_Goal of the exercise_: Among the lines below, the one containing "- 5 premium" opens the range and the one containing "Is high standard, modern" closes it. Print that range exactly, without the pictures.

_Extracted information_:
────────────────────

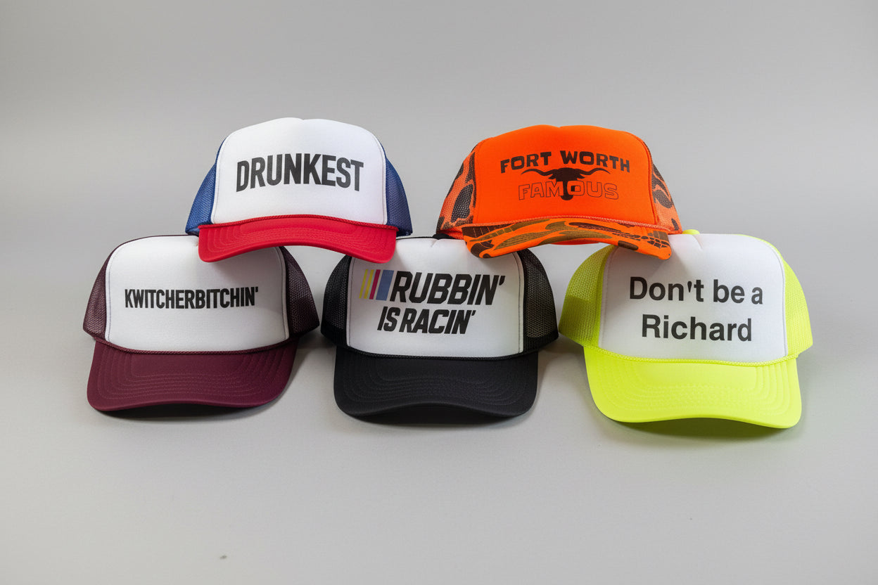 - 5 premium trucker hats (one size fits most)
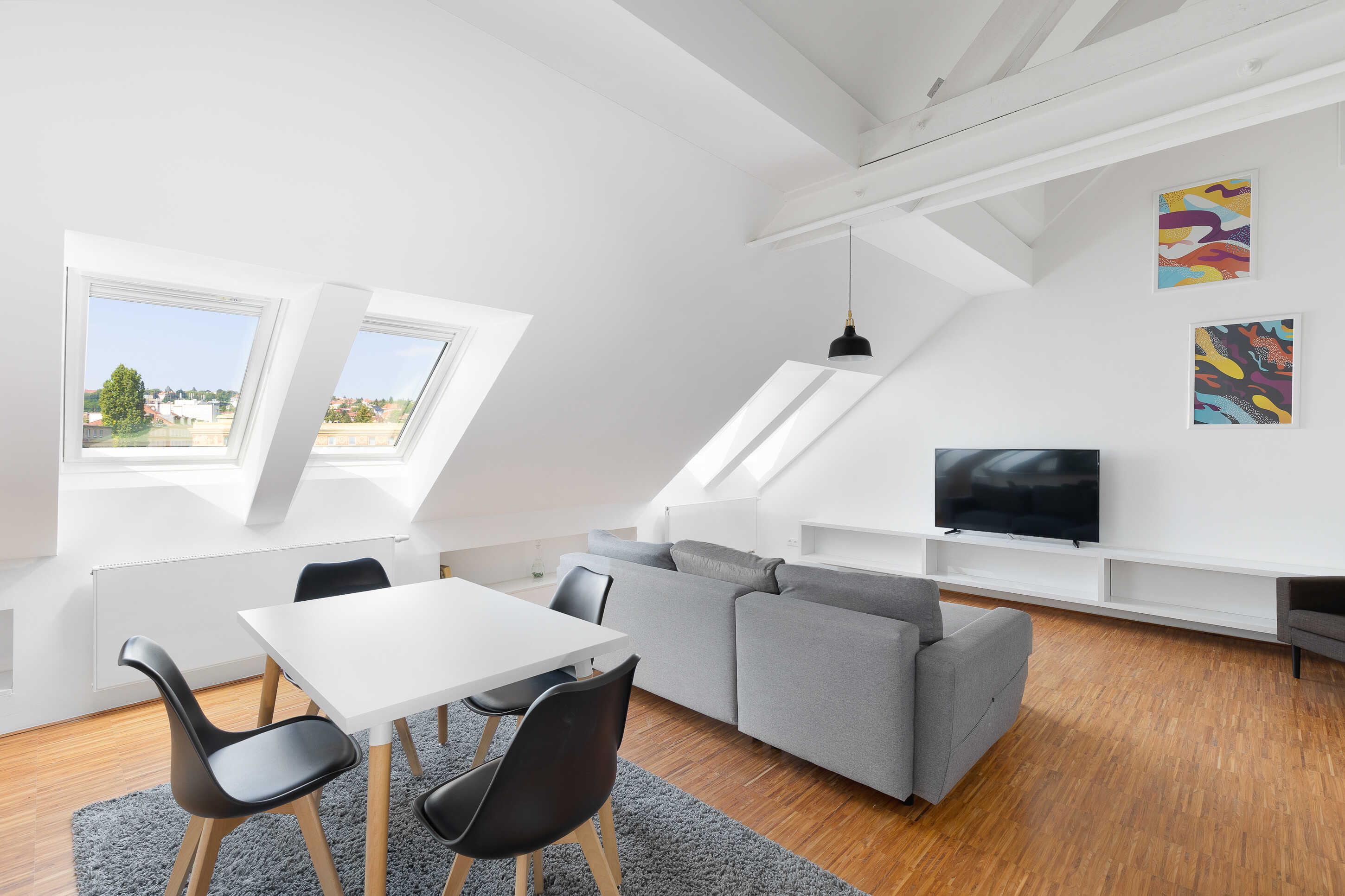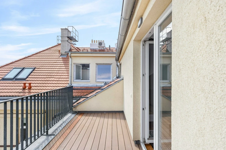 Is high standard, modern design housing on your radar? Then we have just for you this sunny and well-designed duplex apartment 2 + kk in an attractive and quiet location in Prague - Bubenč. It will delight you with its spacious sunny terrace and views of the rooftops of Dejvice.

────────────────────

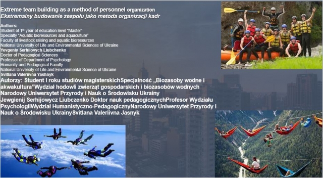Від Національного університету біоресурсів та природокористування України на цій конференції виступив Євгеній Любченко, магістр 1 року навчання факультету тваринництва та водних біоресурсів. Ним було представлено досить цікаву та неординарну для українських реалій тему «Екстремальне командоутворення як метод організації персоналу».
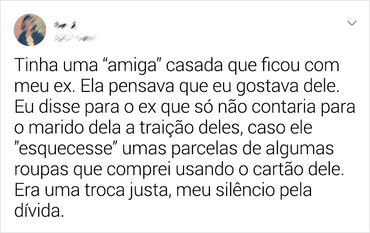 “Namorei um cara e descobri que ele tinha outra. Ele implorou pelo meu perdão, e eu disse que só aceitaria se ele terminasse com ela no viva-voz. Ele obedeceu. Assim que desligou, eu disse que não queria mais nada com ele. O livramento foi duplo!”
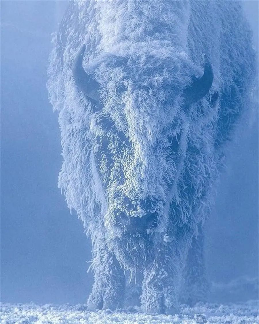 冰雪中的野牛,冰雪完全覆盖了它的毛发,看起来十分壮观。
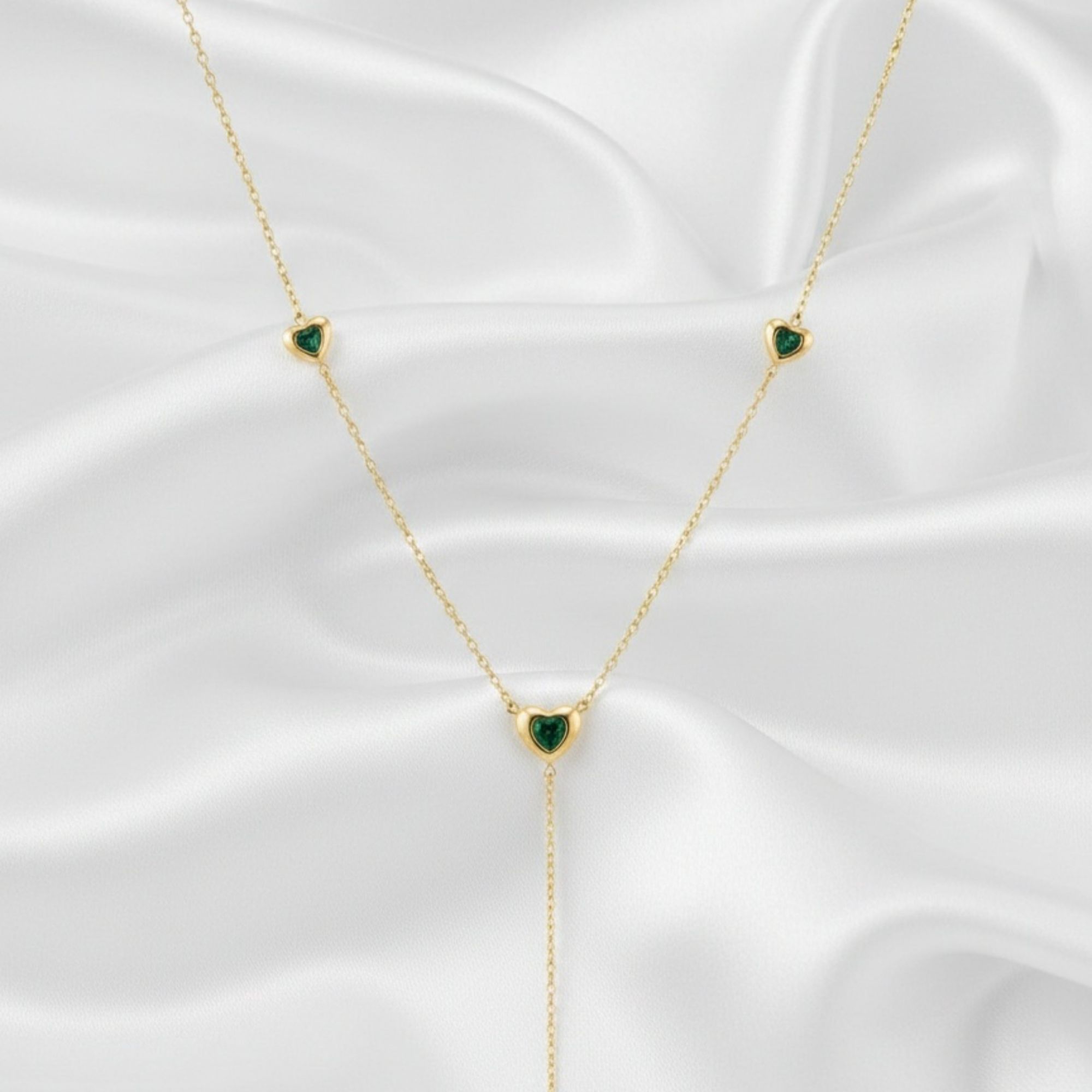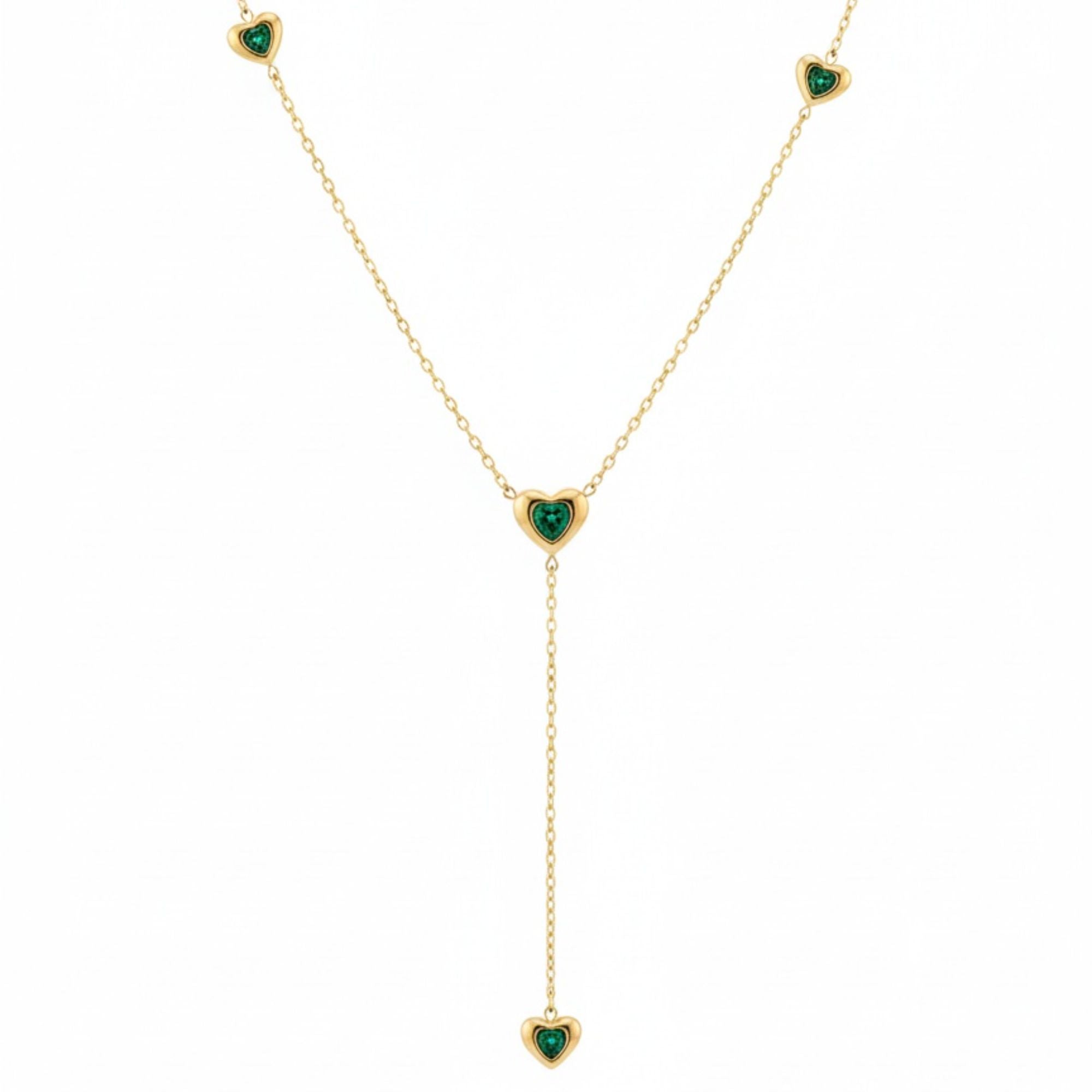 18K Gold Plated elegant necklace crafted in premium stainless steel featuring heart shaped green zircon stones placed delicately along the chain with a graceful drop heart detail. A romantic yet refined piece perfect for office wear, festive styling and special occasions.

────────────────────

_Answer to the problem_:
 - 5 premium trucker hats (one size fits most)
 Is high standard, modern design housing on your radar? Then we have just for you this sunny and well-designed duplex apartment 2 + kk in an attractive and quiet location in Prague - Bubenč. It will delight you with its spacious sunny terrace and views of the rooftops of Dejvice.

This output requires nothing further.